Economic development is the efforts that seek to improve the economic well-being and quality of life for a community by creating and/or retaining jobs and supporting or growing incomes and the tax base – i.e., will improve the standards of living for the whole population.
Economic development is concerned with how increases in income and output can lead to better living conditions, better healthcare services and health outcomes, education and training, and working conditions (especially safety in the workplace and non-exploitative practices such as the use of child labour). The equitable distribution of wealth and income, equality of opportunity and the protection of human rights are all encompassed in measures of economic development, as too are the very basics of human welfare – the reduction of hunger and poverty and ensuring housing is adequate. Social welfare can be measured in many ways, and improvements in any of these areas increase human welfare. Thus, the economic development approach rejects that output and income are the only ways to measure living standards. |
Sources of economic growth in least developed countries
The least developed countries (LDCs) are a group of countries that have been classified by the UN as "least developed" in terms of their low gross national income (GNI), their weak human assets and their high degree of economic vulnerability.
A country will sustain long-term economic growth by increasing its productive capacity. The quantity and productivity of the factors of production (land, labour, capital and entrepreneurship) determine the level of potential output. It is unlikely that increased economic growth in LDCs will be achieved by increasing the amount of human capital available, and this is especially true of social welfare where scarce resources will be divided between more and more people. As the population of an LDC grows, nominal economic growth may follow in terms of increased GDP, but it is much more likely that real GDP per capita will decline, reducing average income. Rather, improvements in the productivity of human and physical capital should be the focus of economic growth, the quality of which must be improved to increase output and income per person. Education is key. Increasing a nation’s numeracy and literacy rates, and providing skills training are key steps to be taken to increasing the productivity of human capital. Healthcare, access to nutritious food, clean drinking water and good housing will increase the productivity of labour and boost a country’s potential output. The role of physical capital is important too. If a country can both increase the stock of capital goods it uses to produce goods and services, as well as improving the efficiency of such physical capital, then it will increase its productive capacity. Examples of physical capital include necessary infrastructure such as schools, hospitals, electricity and telecommunications networks, universities, roads, ports, railways and airports. The construction of commercial property, factories and residential housing are included here. As too are the capital goods, machinery and equipment, which will increase the capital intensity of an economy and increase the productivity of labour in the production of goods and services. However, this begs the question, where does an LDC source its needed investment capital from? LDCs are relatively poor, and as such these countries have a low marginal propensities to save and a high marginal propensity to consume. Average incomes are very low, and households will spend most of their incomes on necessities such as food and shelter, healthcare and transport to and from work. Low incomes do not really allow for any significant amount of savings in aggregate. |
Savings make it possible for entrepreneurs to make capital investments, and with only a small deposit base banks cannot make meaningful levels of business loans within the economy. Thus, there are relatively limited funds that are available for firms to invest in new capital goods and research and develop new technologies to increase productivity and drive economic growth. Foreign direct investment then becomes necessary for the capital intensification of an LDC’s economy.

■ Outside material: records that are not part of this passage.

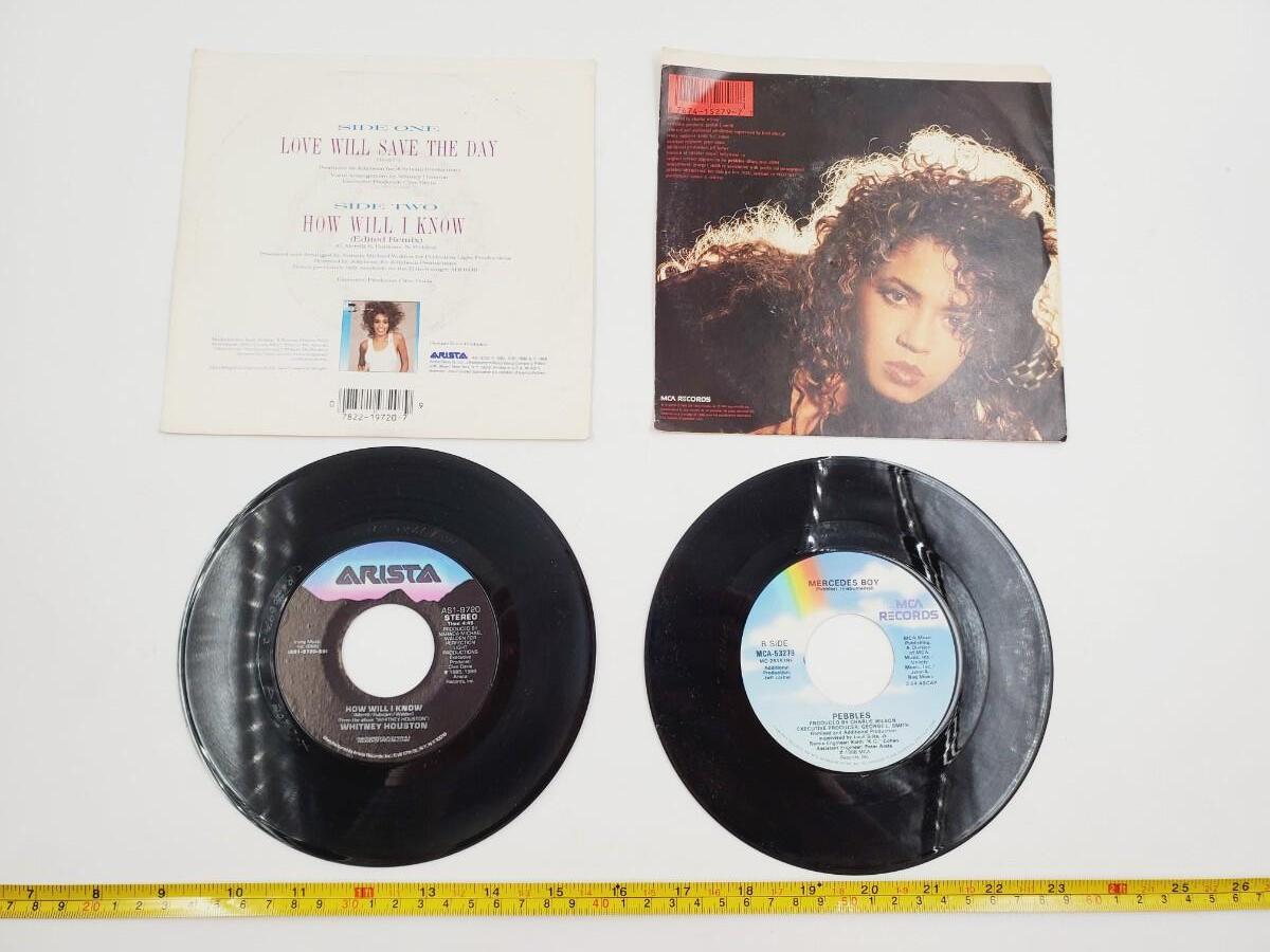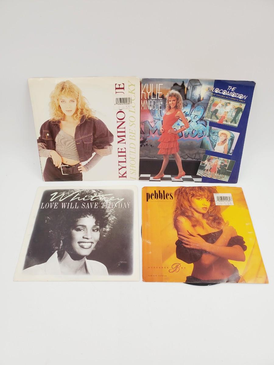 WHITNEY HOUSTON, PEBBLES, AND KYLIE MINOGUE 45 RPM VINYL BUNDLE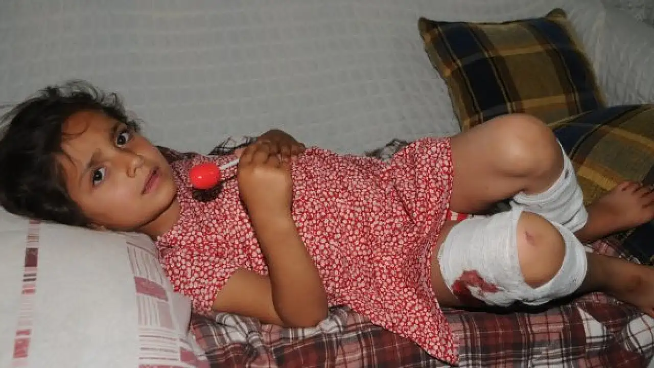 Sokak köpeğinin saldırısı sonucu yaralanan ve hastanedeki tedavisinin ardından evine getirilen 5 yaşındaki Elvin Bayar,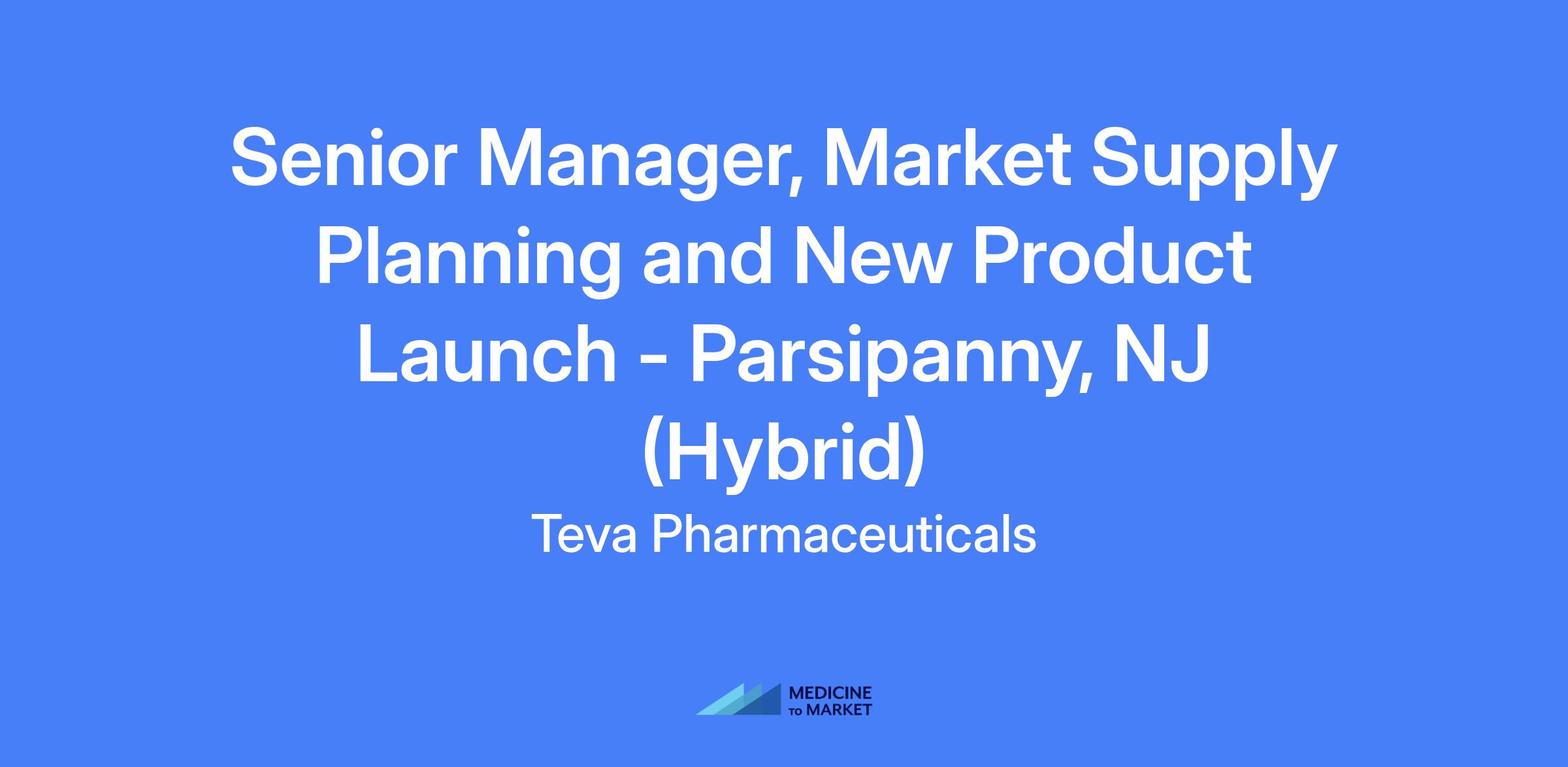 Senior Manager, Market Supply Planning and New Product Launch – Parsippany, NJ (Hybrid) — lead the planning process to support US launches and manage supply chain activities from 12 months prior to launch through 6 months post-launch, coordinating with global and US teams to ensure successful new product introductions.

Governments in LDCs are less able to make important investments in necessary infrastructure, which would improve productivity levels and increase potential output. There are two problems governments of LDCs face in financing such investment infrastructure, and both are caused by low tax revenues. The first issue is that because average incomes are low, so too are tax revenues. Secondly, LDCs will not have the systems in place to monitor economic activity and ensure compliance. It is difficult for an LDC to know who is making sales and how many sales are being made to collect sales taxes; who is being employed and how much they earn for income taxes; and which firms are operating and how profitable they are. Much economic activity takes place in the black market which, by definition, does not have any government oversight. Thus, the governments of LDCs have relatively limited finance available for investing in transport networks, hospitals and schools. Similarly, for sustained economic growth a country must have certain institutions in place, and for these to be functional. Political stability is important, because with increased certainty around the social and business environment, both local and foreign direct business investment will increase. The banking sector needs to be available and stable as to provide savers with interest on their deposits and to use as a source of investment funds. The government of an LDC must ensure that a functioning and enforceable legal system is in place. For business confidence and investment to improve, firms should have confidence that contracts and property rights can be enforced in a court of law. Corruption and bribery should be minimal. Essential statement: The growth of an economy depends largely on the quantity and productivity of a country’s factors of production, as well as a general environment where a country’s institutions provide confidence for investors. Too many resources?!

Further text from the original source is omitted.